This project compares the KL-SUM,TF-IDF, Lexrank and LSA algorithms for text summarization.
Both these algorithms employ an extractive summarization methodology, i.e. important sentences from the original document are selected and concatenated to form a summary.
The paper associated with this project was published in the peer-reviewed journal IJCST and can be found here - http://www.ijcstjournal.org/volume-4/issue-3/IJCST-V4I3P63.pdf
- install python3
- pip install -r requirements.txt
- run python shell and write these commands
- import nltk
- nltk.download('punkt')
- nltk.download('stopwords')
- Now open each folder and run its desired python file for making summary(of the text files which are in input folder).
- at last run comparison files.
The input files have word counts ranging from 500 โ 25,000.

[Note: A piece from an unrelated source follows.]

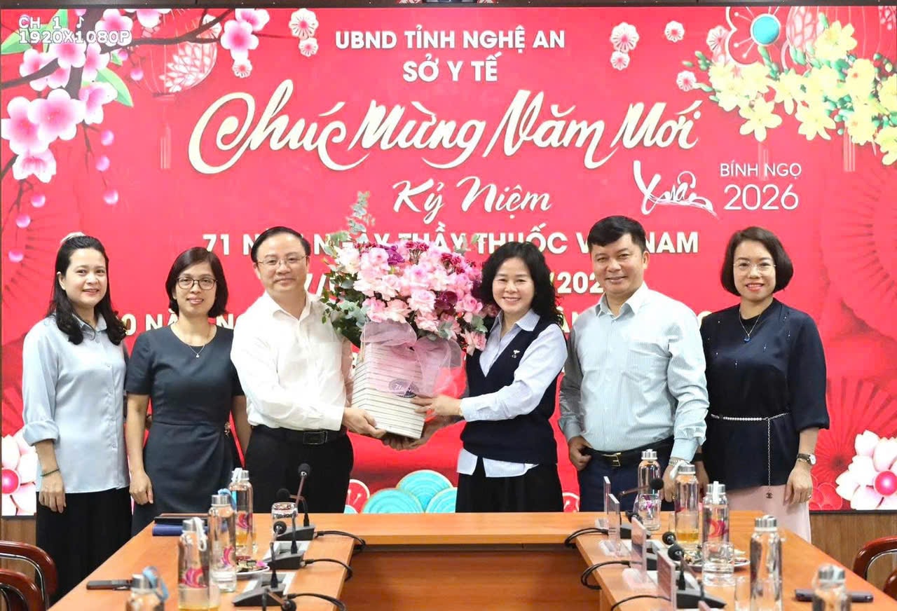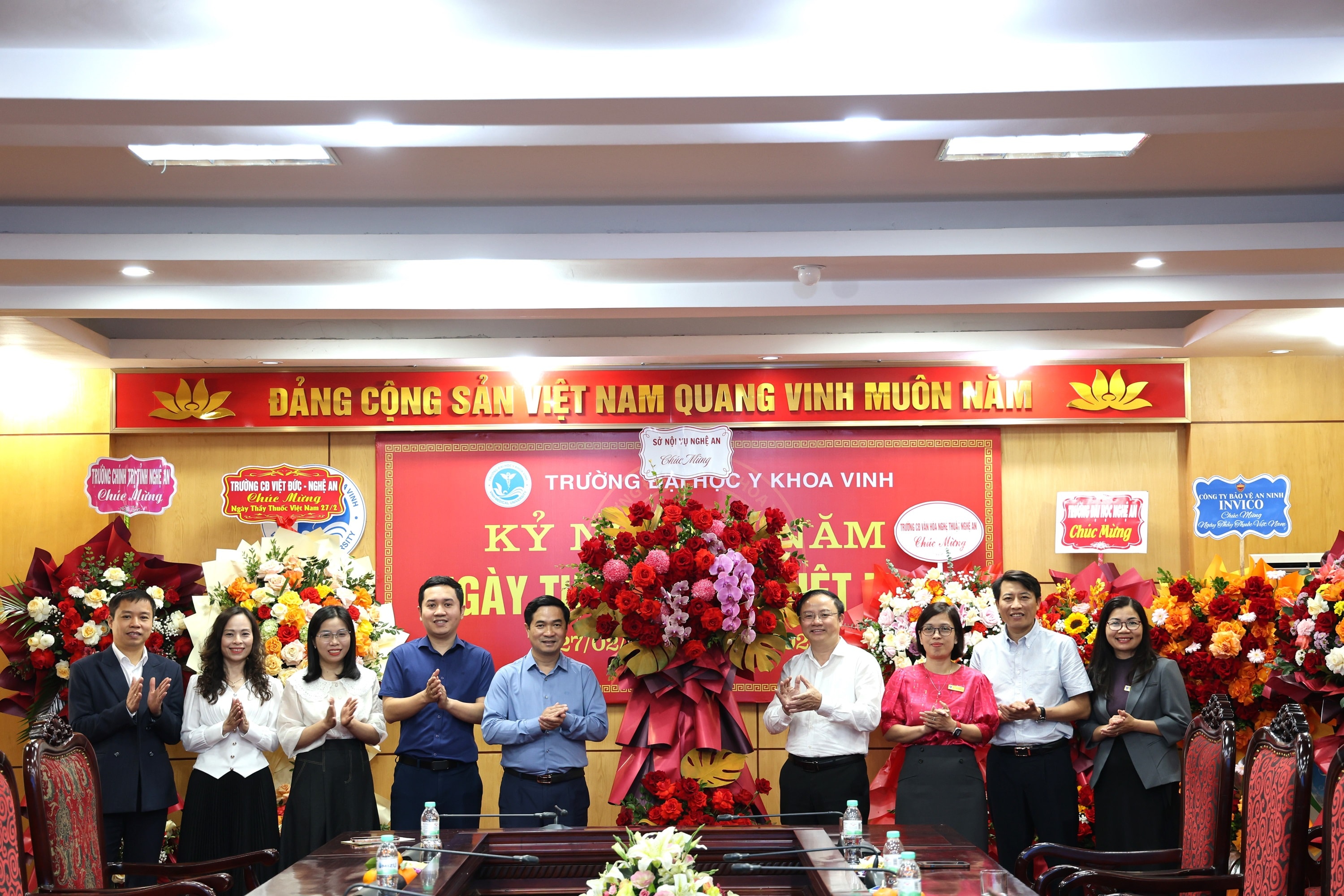 Trường Đại học Y khoa Vinh tặng hoa, chúc mừng sở Y tế Nghệ An (Ảnh: Tổng hợp)

The csv files for both the algorithms contain the word count associated with each text file and the time required for generation of the summary.
The corresponding output files contain the generated automatic summary.
Natural Language Toolkit (NLTK) -
Open source Python library for Natural Language Processing.
http://www.nltk.org/
Sumy -
Python library and command line utility version 0.4.1 used for
extracting summary from html pages and plain text
documents.
https://pypi.python.org/pypi/sumy
For larger sized files (files with a greater word count), LSA is faster than Lexrank however for smaller files (files with a smaller word count), Lexrank is faster.
Comparing the quality of summary generated in addition to the efficiency in terms of speed for greater accuracy and ease of summarization.